■ **What you need to do**: From the line containing "What a sweet boat!" to the end of the listing, copy each line exactly and leave out all others.

□ □ □ □ □ □ □

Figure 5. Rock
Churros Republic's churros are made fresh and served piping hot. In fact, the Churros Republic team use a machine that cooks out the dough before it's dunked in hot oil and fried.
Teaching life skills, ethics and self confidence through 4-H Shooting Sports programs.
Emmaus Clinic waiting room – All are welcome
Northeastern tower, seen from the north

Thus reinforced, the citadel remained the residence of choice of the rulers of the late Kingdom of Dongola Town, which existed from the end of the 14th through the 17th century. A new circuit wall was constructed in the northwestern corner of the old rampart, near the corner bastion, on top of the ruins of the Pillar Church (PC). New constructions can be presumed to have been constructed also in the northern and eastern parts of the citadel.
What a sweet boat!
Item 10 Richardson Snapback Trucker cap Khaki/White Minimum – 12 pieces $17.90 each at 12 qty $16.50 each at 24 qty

□ □ □ □ □ □ □

■ **Response to the exercise**:
What a sweet boat!
Item 10 Richardson Snapback Trucker cap Khaki/White Minimum – 12 pieces $17.90 each at 12 qty $16.50 each at 24 qty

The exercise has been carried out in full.